After being calibrated, the spring sensor can be directly applied in the petrochemical industry, such as oil tank GS monitoring. When the spring sensor was placed in the field, only the interferometric displacement needed to be measured. The corresponding temperature was able to be calculated from the established linear relationship, realizing an all-optical detection scheme without any electrical dangers.

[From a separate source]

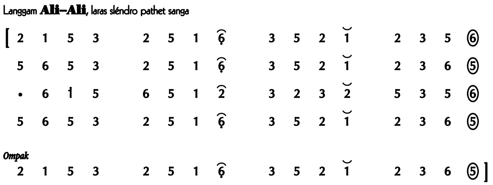 Langgam “Ali-Ali” adalah gending Jawa berbentuk langgam dengan mengambil nada atau titi laras Slendro 9. Berikut not angka langgam “Ali-Ali” Slendro 9 lengkap.
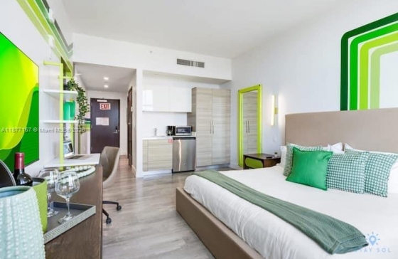 Beautiful studio at Costa Hollywood Resort. Fashionably decorated with partial Ocean/Bay views. Fully furnished and equipped in a luxury Condo Hotel. Just steps from Hollywood Boardwalk with many restaurants, bakery, shops, sports. Amazing rooftop with bar, pool, jacuzzi, lounge, areas and spectacular views of the City, Intracoastal and Beach. Association fee includes Cable TV, Internet, water, gym, electricity and all amenities. Unit management by Stay Sol. NO RENTAL RESTRICTION!!!!!Any questions about Costa Hollywood?

3. Experiment and Analysis

3.1. The Setup for Spring Sensor Calibration

The experimental setup was shown in Figure 3A,B. Due to lack of equipment to cover the whole temperature range from −25 °C to 65 °C, the temperature calibration was separated into two stages: the first was from room temperature (25 °C) to 65 °C, as given in Figure 3A; the second was from room temperature (25 °C) to −25 °C, as given in Figure 3B.
In the first stage, a temperature-controlled water bath (Changzhou Guohua Electric Appliances Co., Ltd., Changzhou, China) was employed to generate a step-like thermostatic varying calibration temperature. The fabricated spring sensor and a PT-100 Platinum resistance thermometer (Zhengzhou Keweilai Electronic Technology Co., Ltd., Zhengzhou, China) were put together in the middle of the bath. The temperatures measured by both PT-100 and the designed spring sensor were simultaneously recorded every 5 min. Then, a strain measured by the spring sensor was calibrated as a temperature sensor.
In the second stage, a low-temperature experiment was carried out using a concrete rapid freeze–thaw testing machine (Model TDR-15D, with a power supply of 380 V ~ and 50 Hz, Wuhu Huance Instrument Equipment Co., Ltd., Wuhu, China). The system employed an antifreeze coolant circulation to decrease the temperature to approximately −25 °C. The spring sensor was immersed into the antifreeze coolant together with the PT100 thermometer as the insert of Figure 3B. After the temperature reached each setpoint, it was maintained to ensure thermal equilibrium. When the temperature of −25 °C was reached, the heating power was turned off, and the system was allowed to cool naturally down to room temperature. Three circulations from room temperature to −25 °C were set with a step of 5 °C for both increasing and decreasing processes. Total three roundtrip calibration curves were obtained within three days, and a fitting curve was achieved, as presented in Figure 4.
The vertical dashed line represented the room temperature, by which the range of the calibration temperature was separated into the two stages, and the strain from the low-coherent interferometer of each process was normalized as zero and connected to form Figure 4. The right side of the dashed line corresponded to the first stage given by Figure 3A from room temperature to 65 °C; and the left side corresponded to the second stage given by Figure 3B from room temperature to low temperature −25 °C. The insert figure indicated the hysteresis of the strain between the increasing and decreasing temperatures as well as the point of maximum error.
As shown in Figure 4, the strain measured by the spring sensor corresponded linearly to the bath temperature. This indicated that the designed spring sensor was linear within the calibrated temperature range. The fitting results showed a well-linear relationship with a sensitivity of 14.78 μ ε / , which was calculated as the slope of the fitting curve in Figure 4 and is to be discussed in Section 4. The error bars showed the deviation of the measured strain values, which were plotted with ten-degree intervals. The error was mainly from the mechanical hysteresis of the spring sensor. In addition, the following factors also contributed to the error: (1) internal friction within the stainless-steel spring tube material during thermal expansion/contraction cycles; (2) potential micro-slip at the fiber-tube interface along the unbonded sections due to differential thermal expansion between the silica fiber and stainless-steel tube; (3) transient strain mismatches caused by differing response times of the constituent materials.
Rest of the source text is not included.